- The problem -
Make an exact copy of the records, omitting all images.

(Records from a dataset)
####
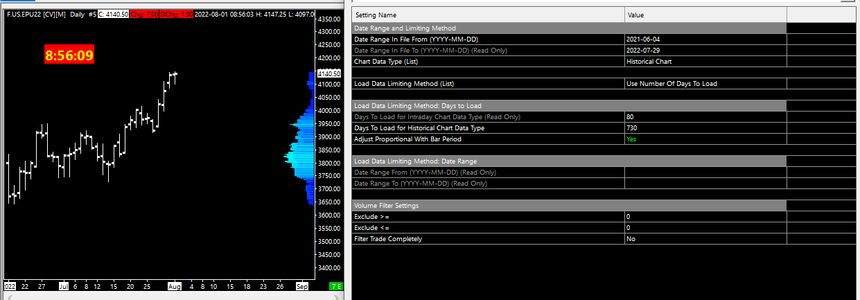 Everything about your setup looks good. Therefore, we have to ask the first obvious question - can you scroll the chart to the left in order to see older data? If it is not a scrolling issue, then follow the instructions at the the following link: Continuous Futures Contract Charts: Re-Downloading Continuous Futures Contract Data For the most reliable, advanced, and zero cost futures order routing, use the Teton service: Sierra Chart Teton Futures Order Routing |
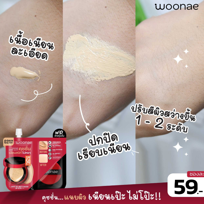 : Woonae Cover Soft Matte Cushion SPF 50 PA+++ 01 วูเน่ แมทท์ คุชชั่น 7กรัม
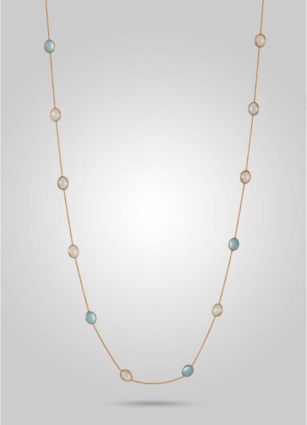 Spell timeless chic, as you adorn this long gemstone necklace twinkling merrily with a beautiful amity of pastel aquamarine, prenite and rose quartz gemstones.
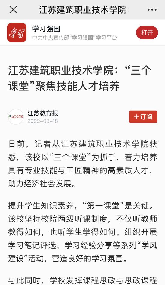 此外,引导学生做精益求精的新时代大国工匠是该校“第三课堂”的主要目标。近年来,学校坚持因材施教,开展兴趣培养,为学生职业发展储备知识能力,提高学生就业竞争力。
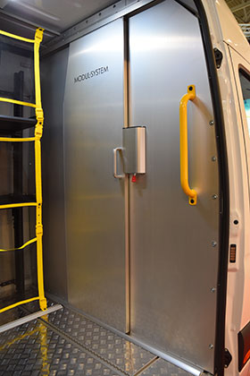 Lekka wyściółka stanowi polipropylenową konstrukcję o strukturze plastra miodu, która oszczędza prawie 40% wagi w porównaniu z tradycyjną wyściółką ze sklejki, natomiast przyklejone szyny ścienne wzmacniają korpus pojazdu, zwiększają bezpieczeństwo i umożliwiają mocowanie składanych półek i przyłączenie do nich elementów.
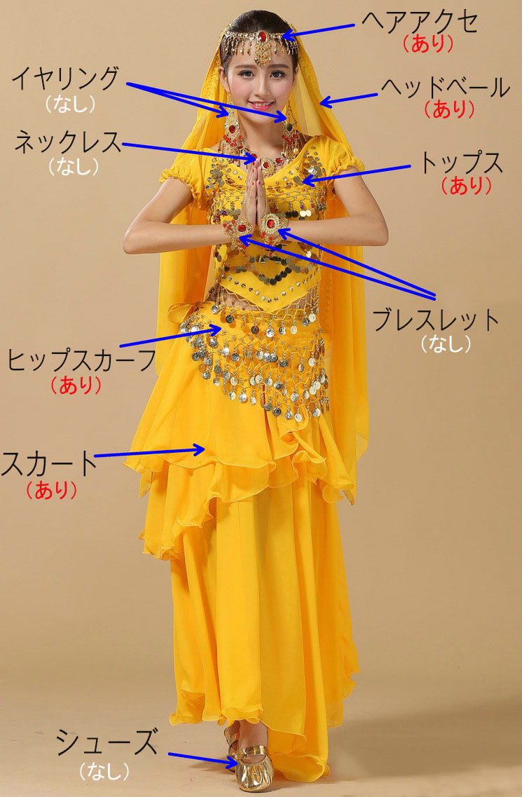 セット内容:4点セット:ヘッドベール(ヘアアクセ)、トップス、スカート、ヒップスカーフ(※他は商品に含まれません)
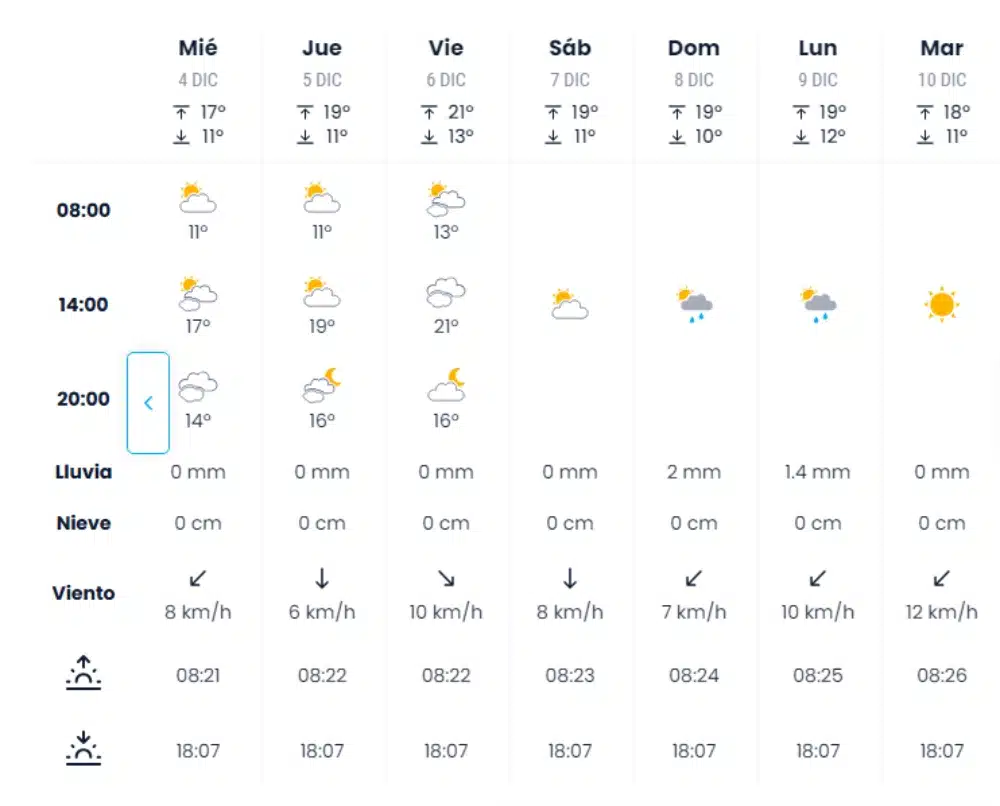 Según la web meteorológica de eltiempo.es, que realiza predicciones a 14 días vista, el próximo día 8 de diciembre lloverá en Sevilla. No serán, no obstante, fuertes precipitaciones, si bien se esperan, por el momento, dos litros por metro cuadrado. Eso sí, el día anterior, el 7 de diciembre, durante los traslados a la Seo hispalense, no habrá atisbo de lluvia, según también esta web.
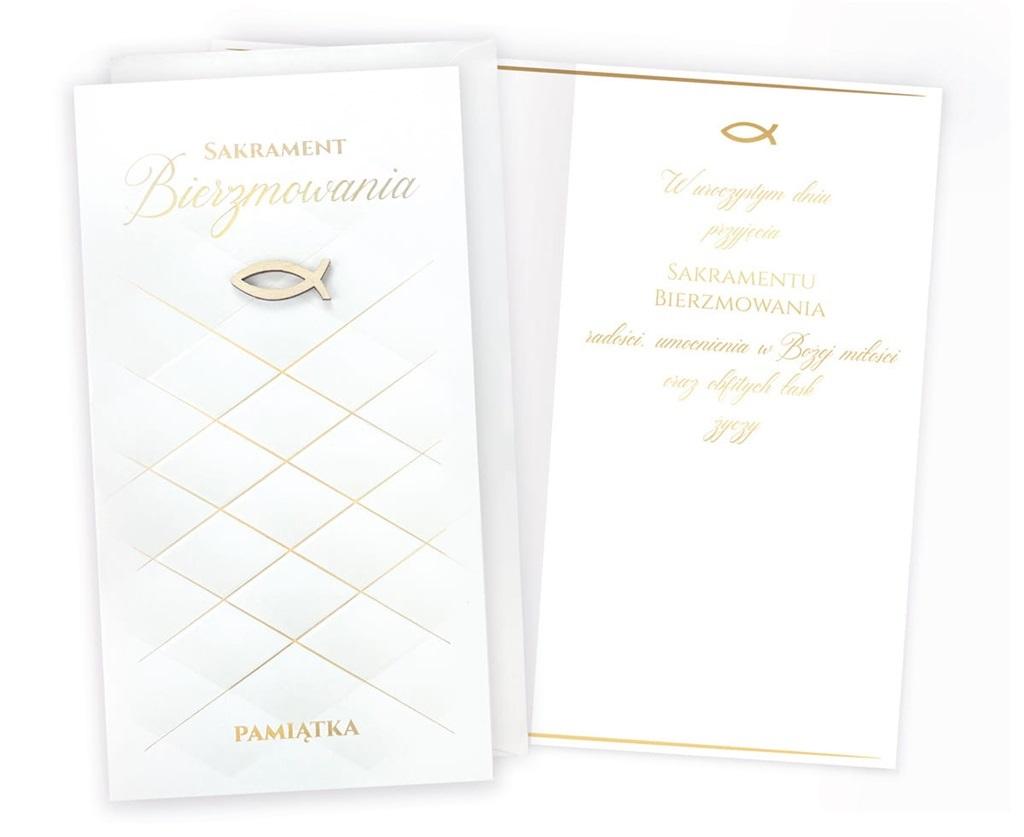 Każda kartka w kolekcji Passion Moments to małe arcydzieło - wyjątkowe i niepowtarzalne, piękne wizualnie. Kartki PM są bardzo bogato zdobione, a jednocześnie skromne i stylowe, cały efekt tkwi w detalach i doskonałym wykonaniu. W zależności od wzoru, na kartkach znajdują się dekoracje ze złotej, srebrnej, perłowej lub holograficznej folii, a także doklejki biżuteryjne, kokardki, brokat, laserowe wycięcia, wstążeczki i inne dodatki. Wnętrze karnetu to zawsze atrakcyjna grafika i tekst życzeń. Kartki mają w komplecie dopasowaną kopertę. Cechy szczególne: zdobienie: przynajmniej dwie folie (metaliczne/perłowe/holograficzne), brokat, elementy doklejane, wycięcia laserowe, wstążeczki - w zależności od wzoru, wnętrze: z delikatną grafiką, wyjątkowe życzenia w środku, w komplecie: dopasowana kolorystycznie koperta, okazja: bierzmowanie Wymiary karnetu po złożeniu: 11,4 x 21,5 cm.
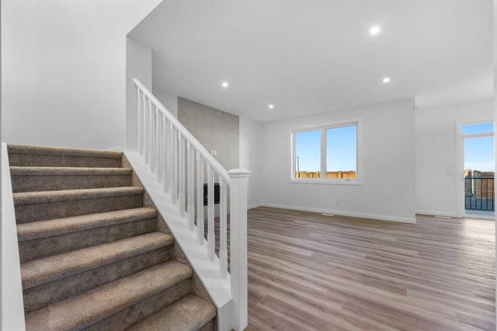 Luxury Living Redefined – The Meritt III by Broadview Homes Welcome to The Meritt III, a beautifully crafted home by Broadview Homes, offering 2,087 sq. ft. of upscale, thoughtfully designed living space. With 3 bedrooms, 2.5 bathrooms, and a triple car garage, this home perfectly balances luxury and practicality for modern family life. Step inside through the stunning gel-stained fiberglass front door and be greeted by a light-filled, open-concept main floor. The chef-inspired kitchen is a showstopper with 42” upper cabinets complete with crown molding and soffit to the ceiling, soft-close doors and drawers, and a full suite of stainless steel appliances, including a built-in microwave and designer hood fan. A walkthrough pantry leads directly to the mudroom and interior garage access, making grocery runs effortless. The kitchen flows seamlessly into a spacious Great Room and dining nook, perfect for both entertaining and everyday living. Just outside, a rear deck invites you to extend your living space into the outdoors—ideal for summer evenings and weekend gatherings. Upstairs, you’ll find a large bonus room for family movie nights, a convenient laundry room with ample space for storage and organization, and two generous secondary bedrooms. The primary retreat is a serene escape, complete with a spa-inspired 5-piece ensuite featuring dual vanities, a soaking tub, tiled walk-in shower, and private water closet. The basement offers 9’ ceilings and a separate side entrance, providing incredible potential for future development or an income suite(with city approval). A 200 AMP electrical panel and 2-stage high-efficiency furnace ensure long-term performance and energy efficiency, while designer tile in the ensuite, main bath, and laundry adds a refined finish throughout. This is more than just a home—it’s your next chapter, elevated. Experience the unparalleled quality and style that only Broadview Homes can deliver. Schedule your private showing today—your dream home awaits
####
- Solved exercise -
 Everything about your setup looks good. Therefore, we have to ask the first obvious question - can you scroll the chart to the left in order to see older data? If it is not a scrolling issue, then follow the instructions at the the following link: Continuous Futures Contract Charts: Re-Downloading Continuous Futures Contract Data For the most reliable, advanced, and zero cost futures order routing, use the Teton service: Sierra Chart Teton Futures Order Routing |
 : Woonae Cover Soft Matte Cushion SPF 50 PA+++ 01 วูเน่ แมทท์ คุชชั่น 7กรัม
 Spell timeless chic, as you adorn this long gemstone necklace twinkling merrily with a beautiful amity of pastel aquamarine, prenite and rose quartz gemstones.
 此外,引导学生做精益求精的新时代大国工匠是该校“第三课堂”的主要目标。近年来,学校坚持因材施教,开展兴趣培养,为学生职业发展储备知识能力,提高学生就业竞争力。
 Lekka wyściółka stanowi polipropylenową konstrukcję o strukturze plastra miodu, która oszczędza prawie 40% wagi w porównaniu z tradycyjną wyściółką ze sklejki, natomiast przyklejone szyny ścienne wzmacniają korpus pojazdu, zwiększają bezpieczeństwo i umożliwiają mocowanie składanych półek i przyłączenie do nich elementów.
 セット内容:4点セット:ヘッドベール(ヘアアクセ)、トップス、スカート、ヒップスカーフ(※他は商品に含まれません)
 Según la web meteorológica de eltiempo.es, que realiza predicciones a 14 días vista, el próximo día 8 de diciembre lloverá en Sevilla. No serán, no obstante, fuertes precipitaciones, si bien se esperan, por el momento, dos litros por metro cuadrado. Eso sí, el día anterior, el 7 de diciembre, durante los traslados a la Seo hispalense, no habrá atisbo de lluvia, según también esta web.
 Każda kartka w kolekcji Passion Moments to małe arcydzieło - wyjątkowe i niepowtarzalne, piękne wizualnie. Kartki PM są bardzo bogato zdobione, a jednocześnie skromne i stylowe, cały efekt tkwi w detalach i doskonałym wykonaniu. W zależności od wzoru, na kartkach znajdują się dekoracje ze złotej, srebrnej, perłowej lub holograficznej folii, a także doklejki biżuteryjne, kokardki, brokat, laserowe wycięcia, wstążeczki i inne dodatki. Wnętrze karnetu to zawsze atrakcyjna grafika i tekst życzeń. Kartki mają w komplecie dopasowaną kopertę. Cechy szczególne: zdobienie: przynajmniej dwie folie (metaliczne/perłowe/holograficzne), brokat, elementy doklejane, wycięcia laserowe, wstążeczki - w zależności od wzoru, wnętrze: z delikatną grafiką, wyjątkowe życzenia w środku, w komplecie: dopasowana kolorystycznie koperta, okazja: bierzmowanie Wymiary karnetu po złożeniu: 11,4 x 21,5 cm.
 Luxury Living Redefined – The Meritt III by Broadview Homes Welcome to The Meritt III, a beautifully crafted home by Broadview Homes, offering 2,087 sq. ft. of upscale, thoughtfully designed living space. With 3 bedrooms, 2.5 bathrooms, and a triple car garage, this home perfectly balances luxury and practicality for modern family life. Step inside through the stunning gel-stained fiberglass front door and be greeted by a light-filled, open-concept main floor. The chef-inspired kitchen is a showstopper with 42” upper cabinets complete with crown molding and soffit to the ceiling, soft-close doors and drawers, and a full suite of stainless steel appliances, including a built-in microwave and designer hood fan. A walkthrough pantry leads directly to the mudroom and interior garage access, making grocery runs effortless. The kitchen flows seamlessly into a spacious Great Room and dining nook, perfect for both entertaining and everyday living. Just outside, a rear deck invites you to extend your living space into the outdoors—ideal for summer evenings and weekend gatherings. Upstairs, you’ll find a large bonus room for family movie nights, a convenient laundry room with ample space for storage and organization, and two generous secondary bedrooms. The primary retreat is a serene escape, complete with a spa-inspired 5-piece ensuite featuring dual vanities, a soaking tub, tiled walk-in shower, and private water closet. The basement offers 9’ ceilings and a separate side entrance, providing incredible potential for future development or an income suite(with city approval). A 200 AMP electrical panel and 2-stage high-efficiency furnace ensure long-term performance and energy efficiency, while designer tile in the ensuite, main bath, and laundry adds a refined finish throughout. This is more than just a home—it’s your next chapter, elevated. Experience the unparalleled quality and style that only Broadview Homes can deliver. Schedule your private showing today—your dream home awaits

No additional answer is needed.